In public infrastructure projects, he discussed plans to build a highway that connects the northern and southern regions, incentivizing tourism and sparking the stagnant economy of southern states. Similarly, he envisioned a train that connects the Pacific and the Gulf of Mexico as a way to compete with the Panama Canal. Urzúa explained AMLO plans to cancel the contracts for the construction of a new international airport in the State of Mexico because he believes the contracts were awarded to companies with links to the government in an unfair bidding process. He also stated that the project is not financially feasible because closing the Benito Juárez International Airport would result in unsustainable losses for the Mexican Ministry of Transportation, which funds the new airport. Urzúa suggested building the new international airport on Santa Lucía by adding two runways to an existing military airport and keeping Benito Juárez as the national airport. He also proposed offering current contractors the opportunity to become investors in the project. By doing so, the State of Mexico would be relieved from solely taking the risks associated with the construction of the project.
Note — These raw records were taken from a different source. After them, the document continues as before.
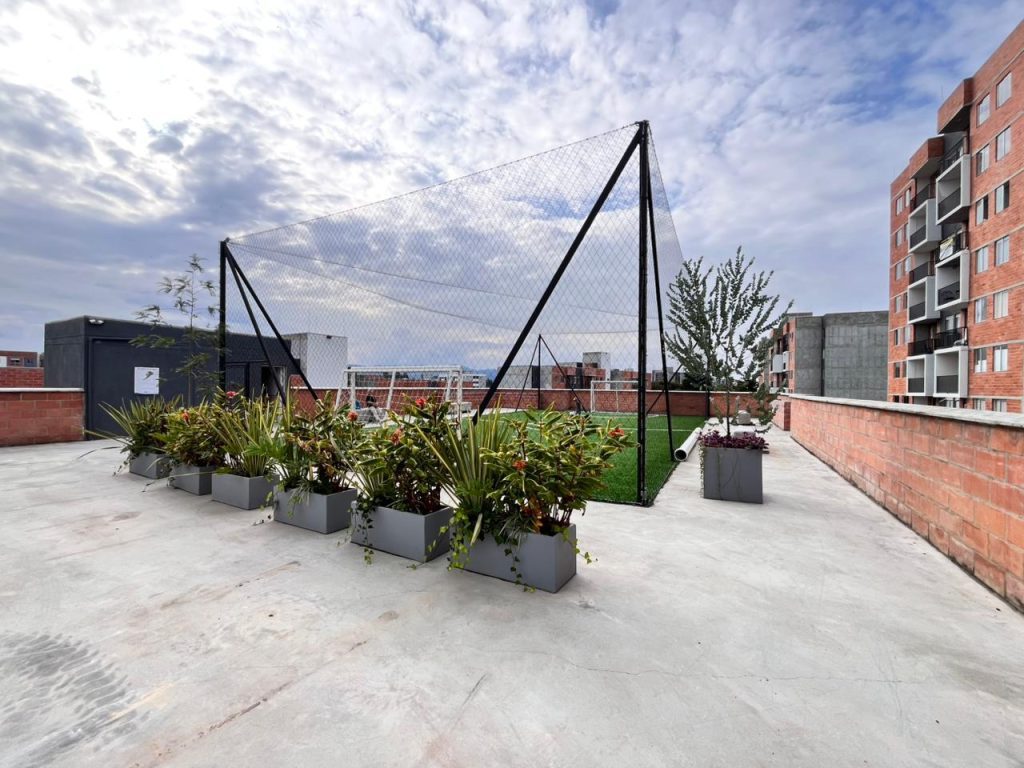 Zona de Yoga, zona de mascotas, casa de muñecas, pista de triciclos, mirador ecológico, zona de BBQ, parqueadero de bicicletas, cancha sintética, juegos infantiles, salón social, gimnasio cubierto, circuito workfit.
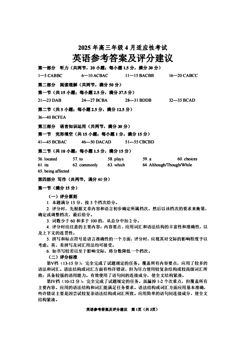 贵州2025年4月高三年级适应性英语试题及答案 时间:2025-04-12 贵州 英语试题 贵州2025年4月高三年级适应性英语考试已于近日开考,为方便考生考后及时查看考试情况,查漏补缺、弥补不足,本文整理了试题答案解析相关信息! 汇总:贵州2025年4月高三年级适应性考试试题及答案汇总 英语试题及答案解析
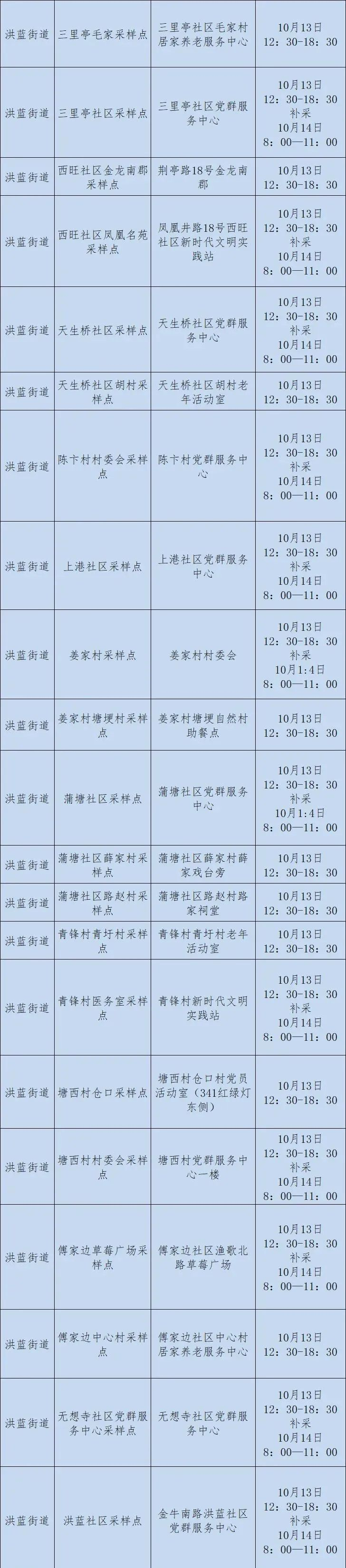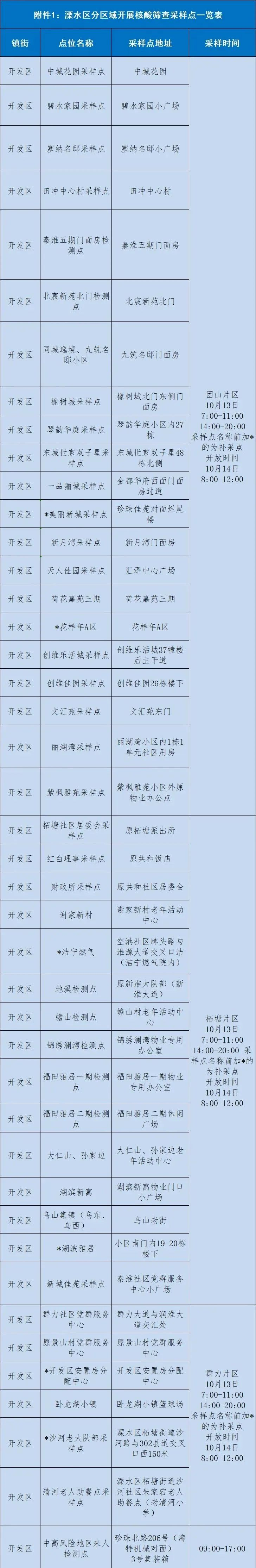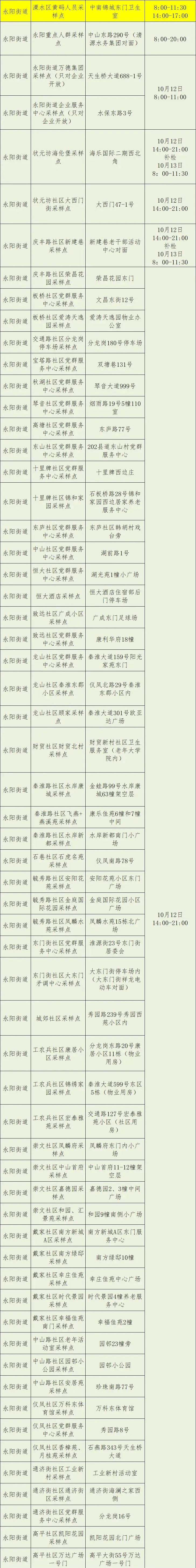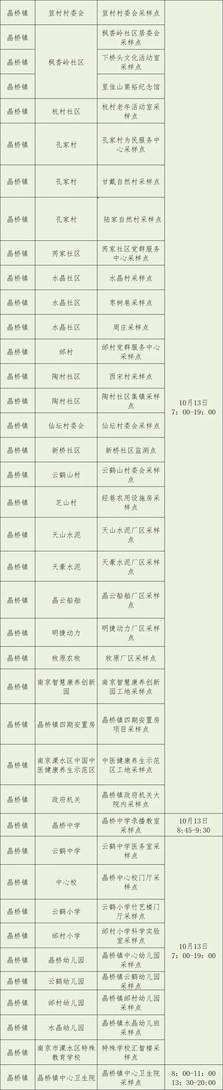 10月12日至13日南京溧水区规模性核酸检测安排+采样点位

Lastly, Urzúa highlighted broader public policies in AMLO’s platform in the areas of social welfare, infrastructure, and military. As of 2016, Mexico’s poverty rate was 7.6 percent – 9.4 million citizens out of 124 million can barely afford a “basket of basic necessities” he explained. In order to tackle this, AMLO plans to extend the federal food programs for the elderly as a way of empowering this group and help it transition out of the informal economy. Urzúa also discussed a similar project named Programa de Jóvenes Construyendo el Futuro, which aims at utilizing vocation schools to educate and train the two million unemployed and uneducated young adults often referred to as the “ninis”. He believes they can eventually contribute to the formal economy and enjoy its benefits.

In the last part of the event, Urzúa answered questions from the audience related to Mexico’s energy reforms, foreign direct investment, and subsidies to agriculture and gasoline. Urzúa said that AMLO will honor private contracts given under the 2013 energy reforms, with the condition that the contract was awarded through a fair and transparent process. He confirmed that AMLO will revise the bidding process for future contracts, specifically those handed for exploration of crude oil. Currently, only 200,000 of the 900,000 barrels consumed in Mexico are refined domestically, the rest are imported from the US. Thus, he explained that Mexico needs to add two oil refineries to the already existing ones in order to increase production and capacity in the long run – a proposal estimated to cost $6-8 billion.

Urzúa also confirmed AMLO’s support for both public and private investment. On one hand, federal funds will be directed at clean energy, infrastructure, technology, and transportation. On the other hand, foreign direct investment from multinational corporations such as Apple, Amazon, Microsoft and General Motors will help revitalize what he called the “real economy” of today. With respect to government subsidies, Urzúa said that small farmers need federal funding to subsist because they cannot compete with big agriculture businesses and massive US imports, especially corn imports. However, AMLO would only consider subsidizing gasoline producers if changes in price and inflation demand it.